Lord Stanley of Preston, later to be the 16th Earl of Derby, was appointed Governor General of Canada in 1888.  When he and his family arrived there, they became quickly enthusiastic about ice hockey.  The Montreal Gazette reported that Lord Stanley "expressed his great delight with the game of hockey and the expertise of the players."  During that time, organized ice hockey in Canada was still in its infancy and only Montreal and Ottawa had anything resembling leagues.  

Two of his sons, Arthur and Algernon, soon formed a new team called the Ottawa Rideau Hall Rebels.  Arthur played a key role in the formation of what became known as the Ontario Hockey Association and would go on to be the founder of ice hockey in Great Britain.  He and Algernon then persuaded their father to donate a trophy to be "an outward and visible sign of the hockey championship."  

Soon afterwards, Lord Stanley purchased a decorative punch bowl made in Sheffield and had the words “Dominion Hockey Challenge Cup" engraved on one side of the outside rim and "From Stanley of Preston" on the other side.  In 1894, in the first Stanley Cup Final game, the Montreal Hockey Club defeated the Ottawa Hockey Club by a score of 3-1.  By that time, however, Lord Stanley of Preston had had to return to England.

Stanley's Hotel in Macrae Flat

Tom Stanley from Kent, the son of a sea captain, was drawn to the gold mining town of Macraes Flat in Otago, New Zealand in the 1870’s.  He took over a ramshackle hotel there and decided to rebuild.

“He quarried stone from the hill behind the Catholic church, bringing it down by tip-dray, and engaged the stonemason from Hyde, an old salt called John Budge, to ‘build me an inn that will last.’

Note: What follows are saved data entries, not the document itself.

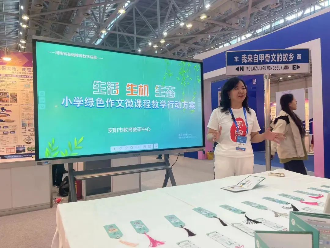 绿色作文,根植于生活,取法于教材,一节节作文微课妙趣更生,使孩子们在作文的天地里自然生长,自在吸纳,赋予孩子们一双自由表达的翅膀。字源识字,通过追溯汉字的本源,分析汉字的结构,利用汉字的构字理据识记汉字。引导小学生科学化,生活化,形象化的识字,提高识字兴趣和识字效率。这是小学语文成果“解读教材里的学习密码”其中的两大主题,安阳市教育教研中心围绕统编教材进行“语文数智资源”研发和应用,旨在打造服务新课标理念下新型教与学方式的系列教学资源。她们的资源设计理念先进,内容丰富,在河南展区颇受欢迎,一批批教师纷至沓来,兴趣盎然。展品是富有安阳特色的甲骨书签,每一片书签上的有微课的二维码可让参观人员随时观看,很多外地市老师纷纷询问网址和更多课例的观看方式。
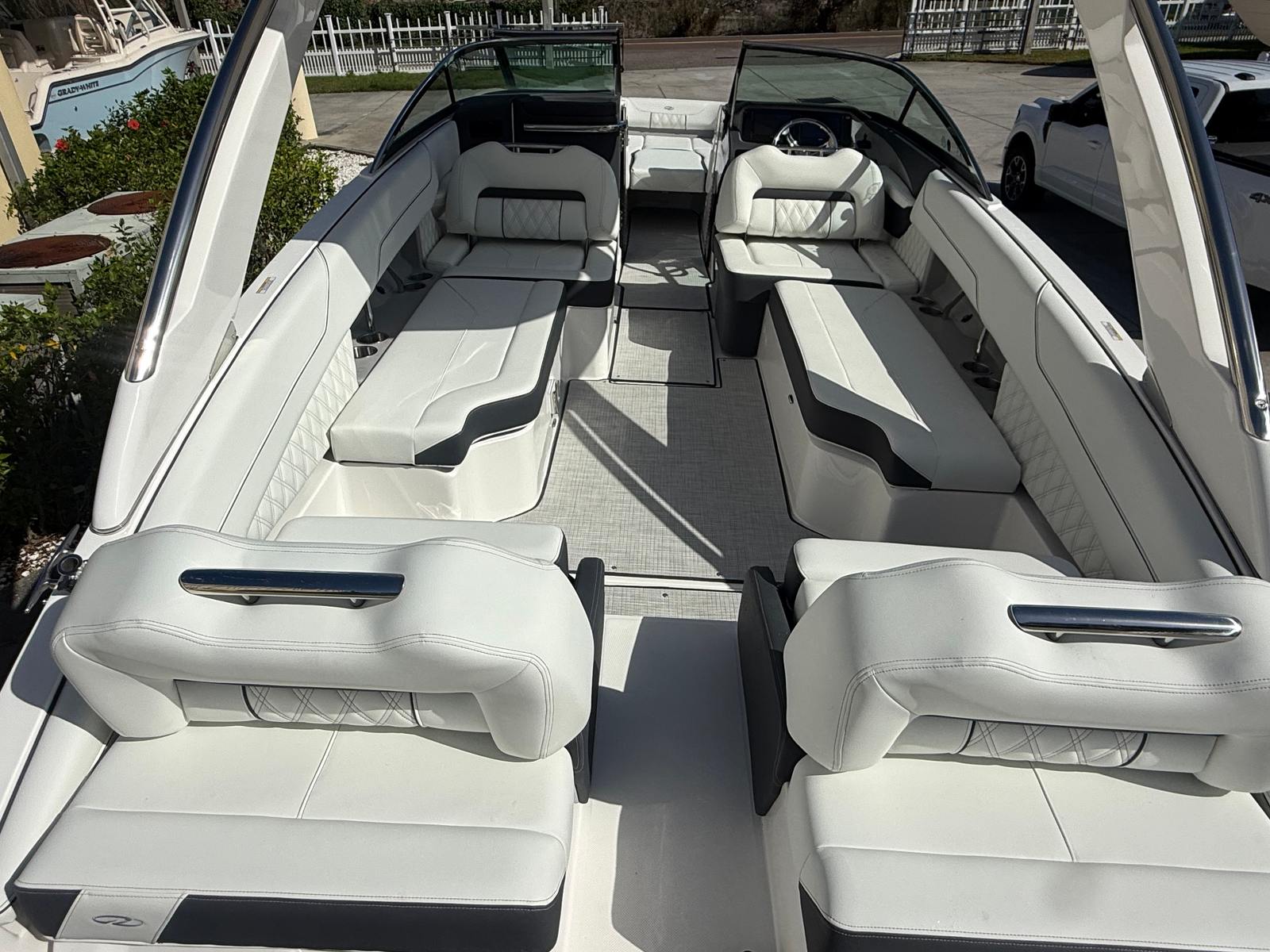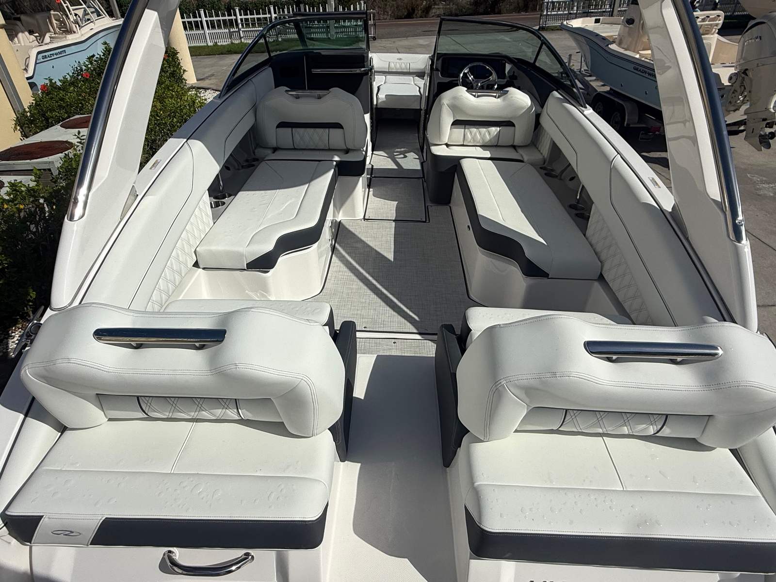 The Regal LX6 is loaded with premium features designed to enhance your boating experience. Bow and cockpit covers provide essential protection from the elements, keeping your boat looking pristine and ready for action. The manual bow and cockpit sunshade system, finished in a stylish steel gray canvas, offers customizable shade options, ensuring comfort during sunny days on the water. Step onto the cockpit seagrass mat and enjoy a soft, non-slip surface that adds a touch of elegance and practicality to the deck.For peace of mind and convenience, the LX6 includes a dual battery switch with tray and cables, as well as a battery charger, ensuring reliable power for all your onboard systems. The bow thruster makes maneuvering in tight spaces a breeze, while the transom shower and pressure water package provide refreshing convenience after a swim or water sports session. With these thoughtful features, the LX6 stands out as a top choice among bowrider boats for sale.
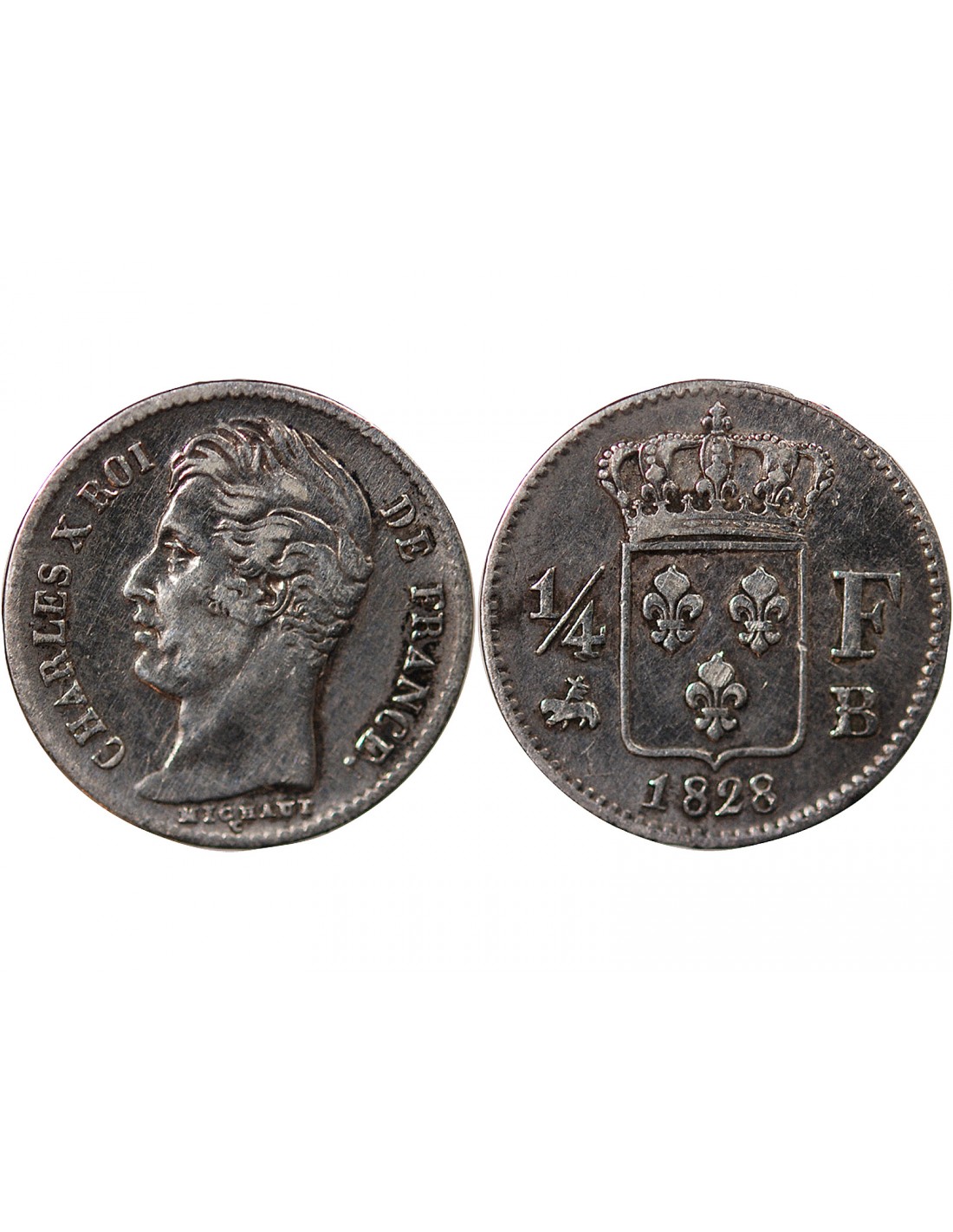 CHARLES X - 1/4 FRANC ARGENT 1828 B ROUEN

Budge, noted for his craftsmanship, his indolence, and his Falstaffian capacity for beer, erected an inn fit for a king.  It took him five years.  On some days he did not face a stone, succumbing to an invitation to “come and have one” before he put foot on the ladder.  His payment was wholly in beer. 

When in 1895 the Earl of Glasgow unexpectedly arrived for lunch at a newly completed stone inn, a satisfied mason was back in his home town reflecting on his consumption for his toils – seventy two hogsheads in all.”

Stanley's Hotel remained in the Stanley family until 1960.  It is now the only surviving hotel from the gold-boom period and is the most substantial building in Macraes Flat.  It outbuildings include a billiards room, stone shed, stables, and pig pen.